NEW YORK – Members of a California-based research team have developed a generative genomic foundation model for predicting and producing DNA sequences at the prokaryotic genome level — an approach they dubbed Evo.
"Using information learned over whole genomes, Evo learns how small changes in nucleotide sequence affect whole-organism fitness and can generate DNA sequences with plausible genomic architecture more than 1 megabase in length," researchers wrote in a paper published in Science on Thursday.
There, co-senior and co-corresponding authors Brian Hie, a data science and chemical engineering researcher affiliated with the Arc Institute and Stanford University, and Patrick Hsu, with the Arc Institute and the University of California at Berkeley, and their colleagues noted that Evo's current "prediction and generation capabilities span molecular and genomic scales of complexity, advancing our understanding and control of biology."
Building on a deep signal processing architecture for long sequences known as StripedHyena, the team put together the Evo machine learning model for interrogating relatively long stretches of sequence in prokaryotic genomes, along with the interactions between the DNA, RNA, and proteins encoded by these sequences.
After training Evo with sequence data for 2.7 million prokaryote or phage virus genomes — including genome sequences for more than 80,000 bacteria or archaea — a set that did not include viruses known for infecting eukaryotic cells — the team used Evo to translate between DNA, RNA, and protein modalities, the functional systems they formed, and the consequences of DNA mutations.
"The central dogma integrates DNA, RNA, and protein with a unified code and predictable information flow, whereas evolution unifies the vastly different length scales of biological function represented by molecules, pathways, cells, and organisms," the authors explained. "Evo learns both of these representations from the whole-genome sequences of millions of organisms to enable prediction and design tasks from the molecular to genome scale."
Beyond the model's predictive capabilities, the investigators outlined a series of experiments highlighting Evo's applicability for designing and producing synthetic CRISPR-Cas molecular complex and transposon systems capable of prompting specific genetic cuts or transposition events, respectively. Those experiments were informed by Evo fine-tuning with published data on more than 72,800 CRISPR-Cas loci and with sequence data for specific mobile genetic element family sequences.
By bringing in insights from the Genome Taxonomy Database and the US Department of Energy's Integrated Microbial Genomes, the team also took a crack at using Evo to predict essential gene sets, uncover problematic changes in such essential genes, and to generate new bacterial genomes.
Their results "suggested that Evo can generate genome sequences containing plausible high-level genomic organization at an unprecedented scale without extensive prompt engineering or fine-tuning," the authors reported. "These samples represent a 'blurry image' of a genome that contains key characteristics but lacks the finer-grained details typical of natural genomes."
The team noted that further work will be needed to expand Evo's capabilities to deal with larger and more complex eukaryotic genomes in the future.

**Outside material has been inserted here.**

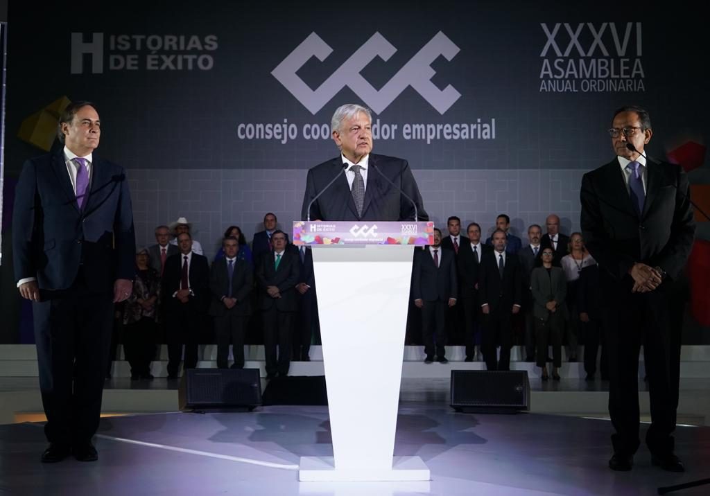 «Puedo decir que Carlos es un hombre honesto, una gente íntegra. Desde luego le tomo la palabra en sus dos propuestas, y agrego una: él plantea que hagamos el compromiso de que haya inversión para crecer al 4 por ciento, de acuerdo, trato hecho; dos, dice Carlos, hacer el compromiso para acabar con la pobreza en el sexenio, trato hecho. Como sé que va a coincidir conmigo, le hago una propuesta (…), una sola propuesta, para Carlos y para todos: que hagamos el compromiso de acabar con la corrupción», comentó López Obrador en la XXXVI Asamblea Anual Ordinaria del CCE.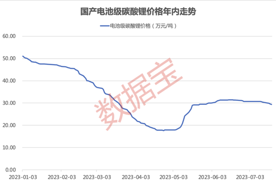 今年以来,碳酸锂现货价格出现明显波动,年初碳酸锂现货价格为51万/吨;前四个月碳酸锂价格快速下跌,4月中旬低点为17.65万元/吨,跌幅超过65%;5月开始价格又急速回升,目前稳定在30万元/吨上下。

"Future models may learn from diverse human and other eukaryotic genomes, using larger context lengths to capture distant genomic interactions over larger genomic scales," Gladstone Institutes and University of California at San Francisco researcher Christina Theodoris noted in a corresponding perspective article in Science.
"The ability to predict the effects of mutations across all layers of regulation in the cell and to design DNA sequences to manipulate cell function would have tremendous diagnostic and therapeutic implications for disease," she wrote, adding that it may eventually be possible to "develop methods to prompt Evo with environmental cues or cell states that contextualize DNA, which is identical across cells within multicellular organisms and yet directs variable functions of each cell across space and time."